Оксана посмотрела в окно и заметила, что занавеска предательски порозовела. «Предательски? Интересное сравнение», — мелькнула мысль.
— Спасибо, — кивнула она хозяйке дома.
Та улыбнулась и закрыла дверь.
Оксана посидела еще немного, приходя в себя, потом встала и вышла из комнаты.
— Борщ есть будешь? — спросила хозяйка.
— Буду, — кивнула Оксана, садясь за стол. — Что ж вы меня не разбудили, когда на службу поехали? — спросила она.
Женщина пожала плечами, наливая суп:
— Не велено было будить.
— Кем не велено?! — испугалась Оксана.
— Ну… — женщина замялась, — я так говорю, когда чувствую, что этого делать не надо. Считай, Богом не велено. Ты так сладко спала. Да и не было, скорее всего, на службе твоей тети.
— Почему вы так решили? — удивилась Оксана.
— Потому что я в этом приходе всех знаю. Ни одна из женщин на твою тетю не тянет. — Она поставила перед Оксаной тарелку и села напротив. — А как ее зовут?
— Власова Вера Сергеевна, — ответила Оксана, наблюдая за реакцией своей новой знакомой. — Вы ее знаете? — обрадовалась она.
— Кто ж не знает матушку Веру?
— И вы знаете, где она сейчас живет?
Женщина радостно кивнула:
— Вот только увидеть ее ты пока не сможешь.
— Почему? — удивилась Оксана. — Где она?
— Она в тюрьме… ой! Нет-нет… то есть… — и женщина расхохоталась. — Не она в тюрьме, а она там работает… послушание у нее такое.
— Послушание?
— Ну да. А ты разве не знаешь, что твоя тетя в монастырь ушла? Сейчас она работает при храме в женской тюрьме.

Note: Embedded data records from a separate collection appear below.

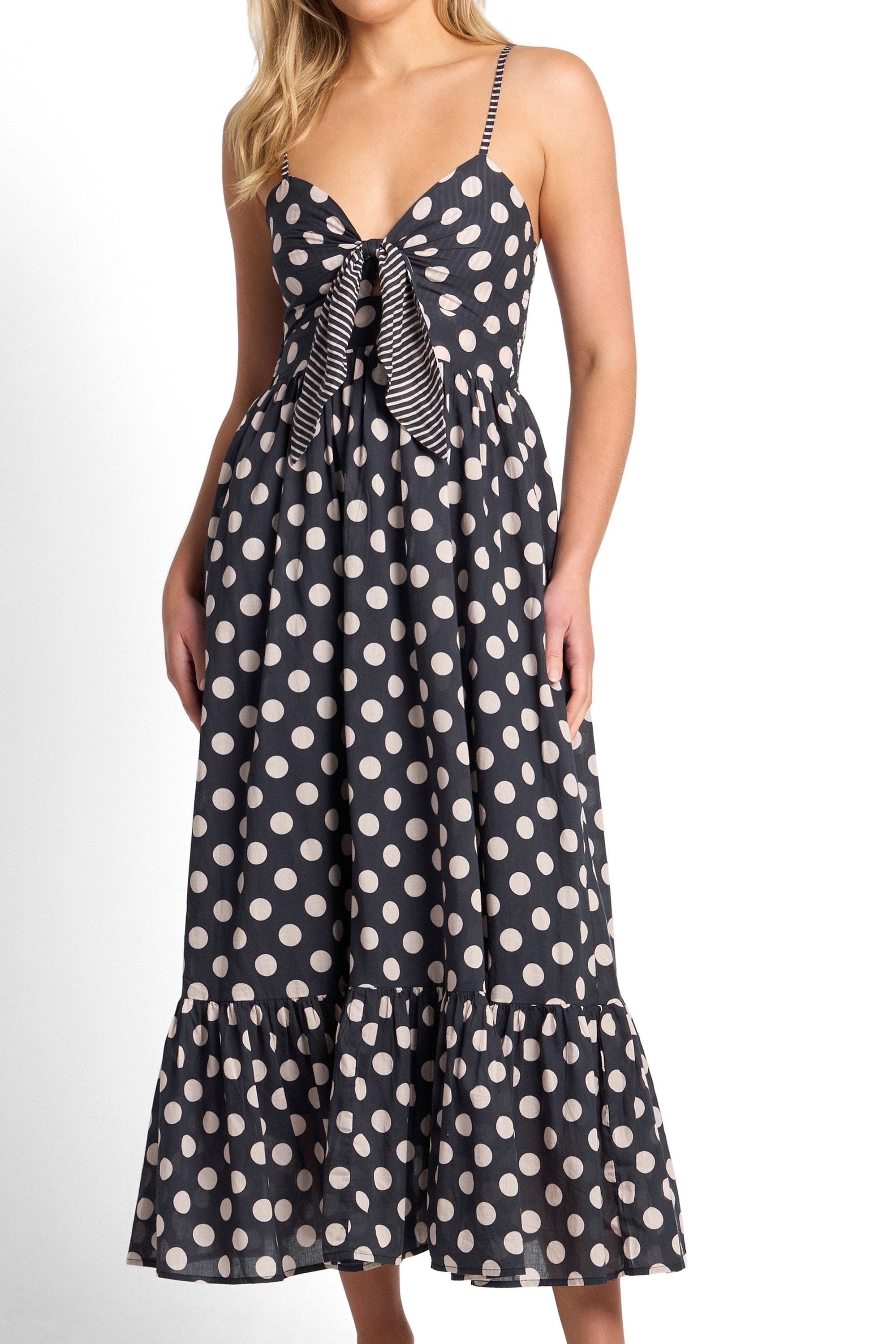This sundress is calling your name. Featuring thin straps that lead to a plunging tie front neckline, a gathered waist to amplify your curves, as well as a frill hemline that kisses the floor. It's the easiest way to look dressed up before and after the beach.
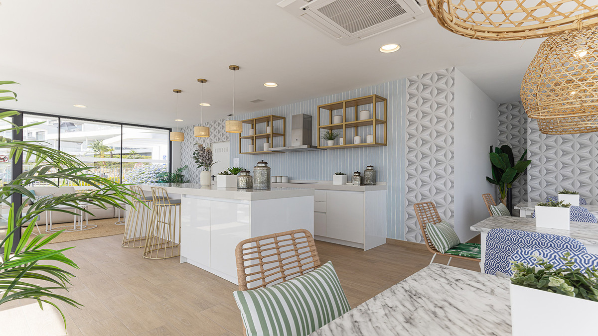 Straight ahead, the open-plan kitchen, dining, and living area is light-filled and modern, seamlessly leading out onto the large terrace, ideal for dining al fresco or enjoying the long, sunny Spanish afternoons while soaking in the stunning sea views.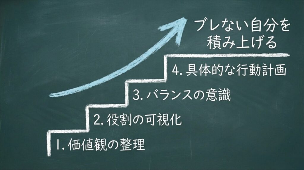 まずは、「自分は何を大切にしたいのか」「どんな人生を送りたいのか」といった根本的な価値観を言葉にします。これが全ての原点となります。

— Значит, надо ехать обратно, — вздохнула Оксана.
— Да куда ты, на ночь-то глядя? — возмутилась женщина. — Переночуй, а завтра поедешь, раз не терпится.
— Что значит «не терпится»? — улыбнулась Оксана. — Я бы с удовольствием потерпела, да…
— Что?
— Не хочется злоупотреблять вашим гостеприимством.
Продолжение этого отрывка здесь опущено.